THE PROBLEM
Your answer must be an exact retyping of the line containing "PITTSBURGH (AP) –" and every line after it through the end of the records below, with no pictures and nothing else.

Records from a data source:
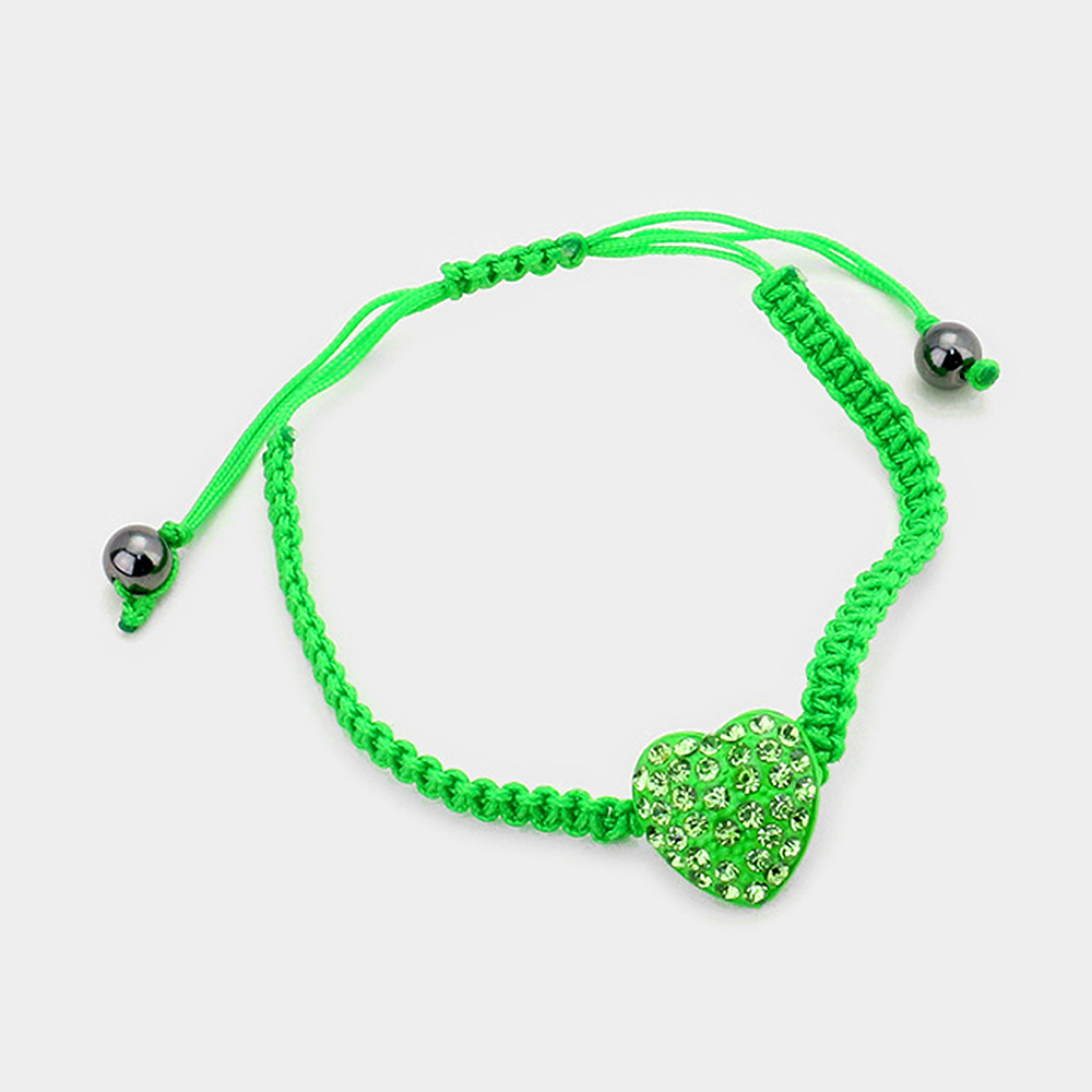 Crystal Paved Heart Pointed Braided Adjustable Cinch Pull Tie Bracelet
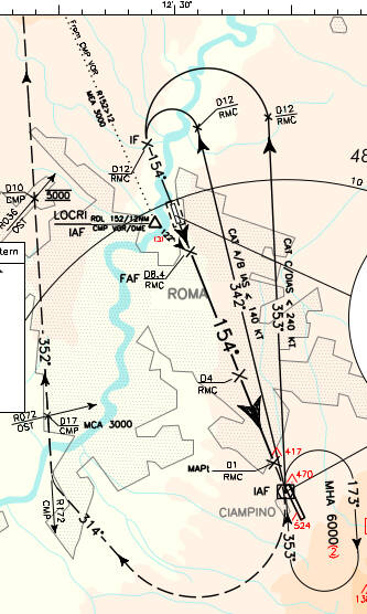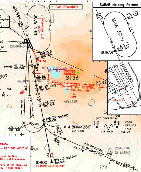 In questa carta le STAR conducono allo IAF RMC VOR/DME, sul quale è attestato un circuito d’attesa.
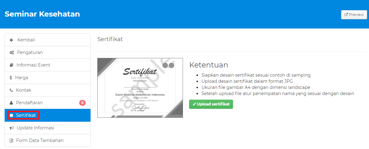 Di Seminardokter, Anda bisa langsung mengunggah sertifikat secara cepat dan mudah. Sehingga proses pemberian sertifikat kepada para peserta bisa dilakukan dengan efisien dan lebih efektif.
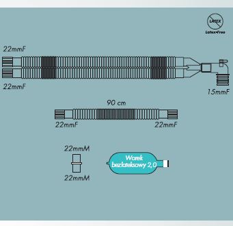 Obwody do aparatów do znieczulania z odgałęzieniem i bezlateksowym workiem oddechowym
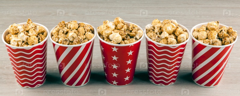Пять красных картонных стаканчиков подряд с сахарным попкорном на деревянном столе
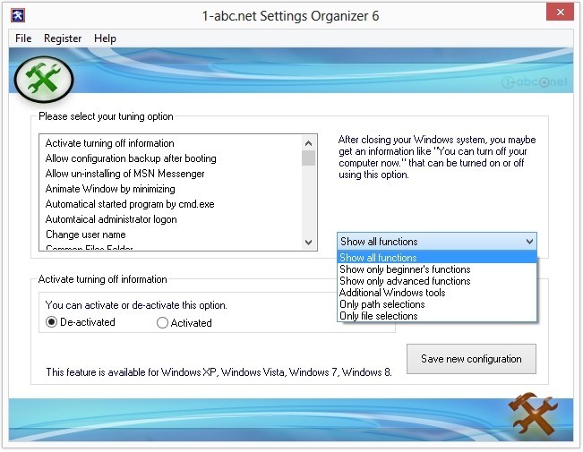 Windows zaman zaman sistem üzerinde bazı kısıtlı değişikliklere izin verebilmektedir. Ancak bunlar genellikle normalde ‘gizli’ olan ve MS Config veya sözde Bilgisayar Yönetim Aracı gibi analiz araçları içerir. Tam ve iyi özellikli yapılandırmalara izin verilmez. 1-abc.net Settings Organizer ise doğru komutlarla tek bir tıklama ile sistem araçların çalıştırmasına izin veriyor.
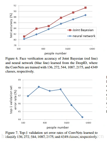 做法:指数级增加identity classes,通过top-1验证误差率观察分类能力,通过测试集的确认精确度观察学习到的隐藏层特征的性能。
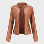 La chaqueta Romina está confeccionada en cuero premium de origen artesano, donde cada costura refleja dedicación, precisión y un acabado refinado que resiste el paso del tiempo. Su silueta favorecedora y su corte minimalista la convierten en una pieza versátil, perfecta para elevar tanto looks casuales como atuendos más pulidos — siempre con un toque de elegancia atemporal.
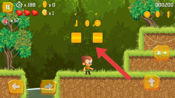 3、操作按钮左右移动、跳跃,玩家可根据情况使用正确的按钮,目标是拾取头顶的金币。
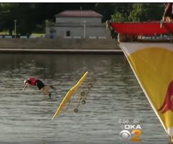 PITTSBURGH (AP) – A Pittsburgh TV reporter has sued over injuries he says he suffered during a promotional stunt in which he plunged 22 feet into the Allegheny River in a homemade flying machine. The lawsuit by KDKA reporter Dave Crawley names EQT Three Rivers Regatta, Red Bull and a marketing agency. It stems from an August 2017 media piece before the Red Bull Flugtag event, in which teams in homemade devices “fly” from a pier into a river. The suit contends Crawley was left with spleen and diaphragm injuries and a traumatic brain injury. The regatta declined to comment, saying officials were still “gathering information and reviewing the details” of the lawsuit. Red Bull says “the safety of spectators and participants is always our primary concern.” (Photo; KDKA YouTube)
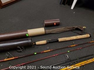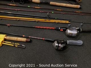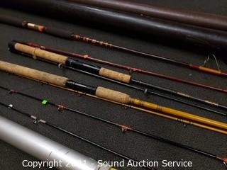 Lot #0427: 9 Fishing Rods, 2 with Reels & 3 Cases

TASK OUTPUT
 PITTSBURGH (AP) – A Pittsburgh TV reporter has sued over injuries he says he suffered during a promotional stunt in which he plunged 22 feet into the Allegheny River in a homemade flying machine. The lawsuit by KDKA reporter Dave Crawley names EQT Three Rivers Regatta, Red Bull and a marketing agency. It stems from an August 2017 media piece before the Red Bull Flugtag event, in which teams in homemade devices “fly” from a pier into a river. The suit contends Crawley was left with spleen and diaphragm injuries and a traumatic brain injury. The regatta declined to comment, saying officials were still “gathering information and reviewing the details” of the lawsuit. Red Bull says “the safety of spectators and participants is always our primary concern.” (Photo; KDKA YouTube)
 Lot #0427: 9 Fishing Rods, 2 with Reels & 3 Cases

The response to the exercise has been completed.